Although it is difficult for a child with ADHD to be approved for SSI Disability benefits, those with severe ADHD who meet the SSI program’s requirements have a chance of being awarded benefits. One of the first requirements is that your child shows all of the symptoms of ADHD, which include the following: severe hyperactivity, severe inattentiveness, and severe impulsiveness. The first requirement is one that applies to both children under the age of 3 and children aging from 3-18 years of age. Although the requirements are similar, they do differ for these two separate age groups. Most children aren’t diagnosed with ADHD until they are older than 3 years old, which is why there is need for two separate age group requirements: those under the age of 3 years and those who range from 3 years to 18 years.
The latter group (3-18 years) must have evidence that they have extreme difficulty in at least two of the following four areas in comparison to their peers: issues in cognitive functions, personal functions, social functions, or issues with persistency/ concentration. As previously mentioned, there must be evidence of these difficulties such as medical treatment/documentation, evaluations or notes from teachers and parents regarding the child’s history with ADHD, or results from a type of standardized testing the measures the child’s abilities and/or development.
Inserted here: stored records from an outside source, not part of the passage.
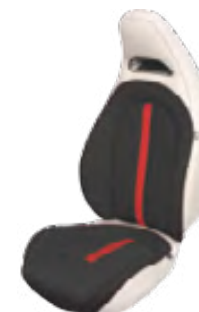
BONE WRAP, CHARCOAL PERFORATED COMBO, CARDINAL CONTRAST STITCHING, CARBON CRIMSON WINGS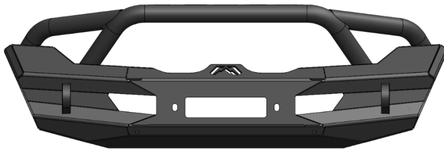
23456 - BUMPER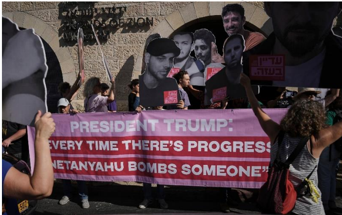
Demonstrators hold photos depicting the faces of hostages who are being held in the Gaza Strip, during a protest demanding their release from Hamas captivity and against the Israeli offensive in Gaza City, in Jerusalem, Sept. 16, 2025.

Additionally, a number of hostages abducted from Israel are believed to be held in the city.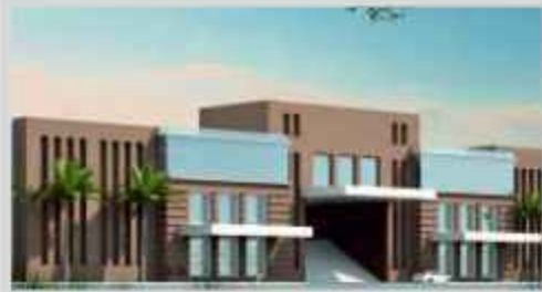
BENGALURU - BANNERGHATTA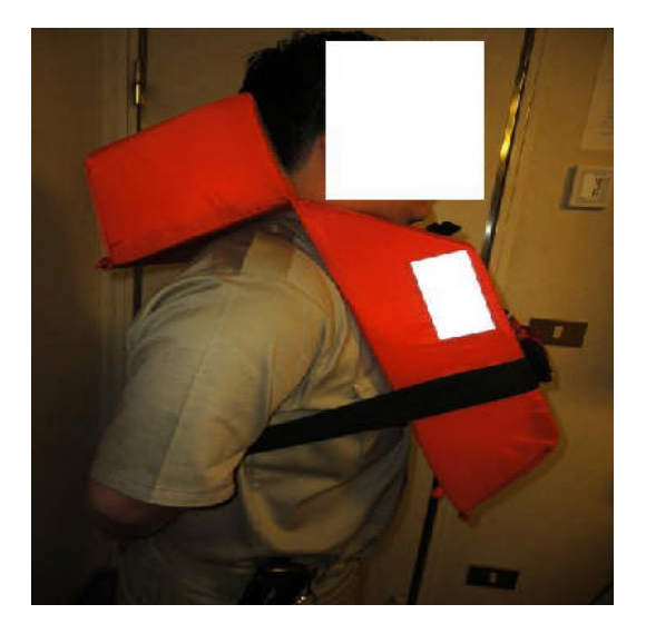
CHIRP Comment: We have drawn this to the attention of the manufacturer of this lifejacket.

Clearly these lifejackets passed the latest stringent tests required by SOLAS and have far better life saving capabilities. However they were not designed keeping in mind ease of wearing which is essential for those who work at sea.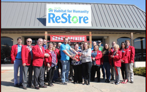
Amarillo Habitat for Humanity ReStore 2626 Paramount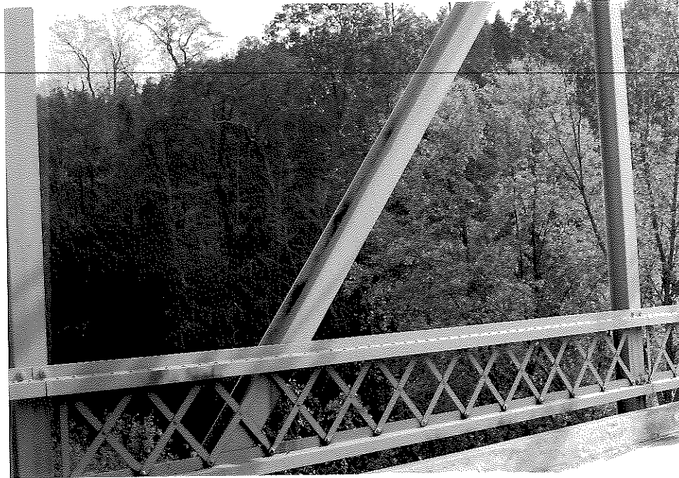
Figure 3. Diagonal and Guardrail on KY 89 over Red River (August 1987).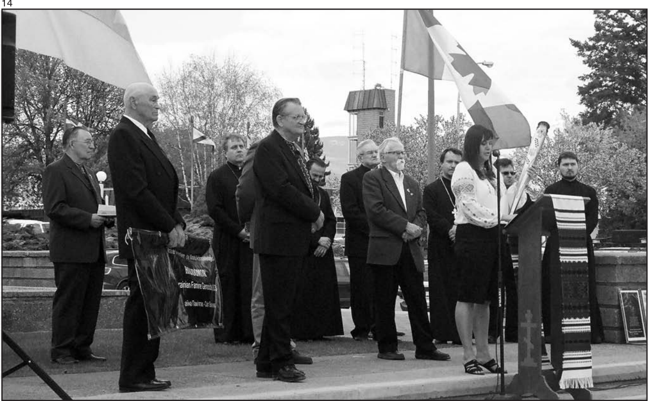
Youth representative speaks during the Vernon ceremony.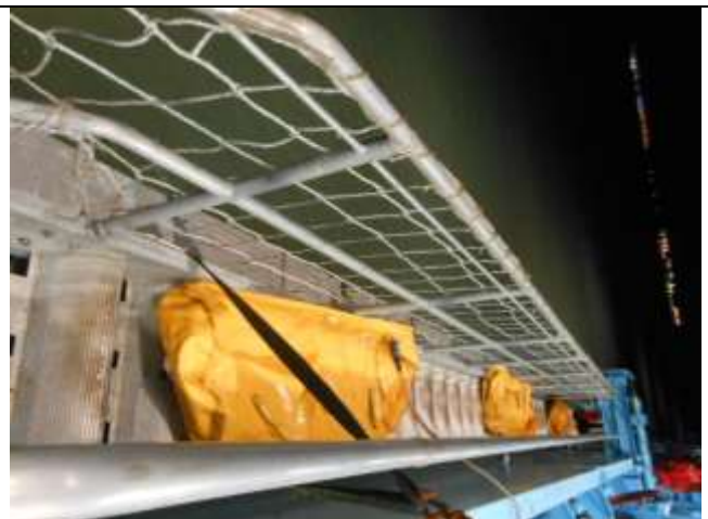
Prepare for load test

For children who are younger than 3 years old, the Social Security Administration looks for any evidence of developmental issues that result from ADHD symptoms. They must see that your child has developmental delays in cognitive functions, personal functions, social functions, concentration, or in their fine motor development. Being as this particular age group is younger and unlikely to be diagnosed with ADHD just yet, there is a much smaller chance of them being granted benefits.
A couple of other factors that will play into your child’s eligibility is whether or not they work and how well they do in school. Much like with adults applying for Social Security, there is a limit on how much money a child could make a month all the while still being eligible. Some older children may have jobs, if this is the case they cannot earn more than $1,040 per month and still be eligible. In regards to school, the Social Security Administration needs to see how ADHD affects your child in their development. If ADHD has such a negative effect on their school and learning, it could lead to further issues down the road. So it is necessary that there is sufficient evidence (such as standardized tests, teacher notes, progress reports, etc.) to prove your child’s ADHD is disabling to their learning and developmental progress.
Having to gather all of the evidence needed to prove your child’s ADHD is disabling enough can be a headache, especially if there is only a small chance they will be approved for SSI Disability benefits. However, it has been shown that having a lawyer represent your case has a higher approval rate compared to those who chose to represent themselves alone. So, although chances are small, there is still hope for being approved.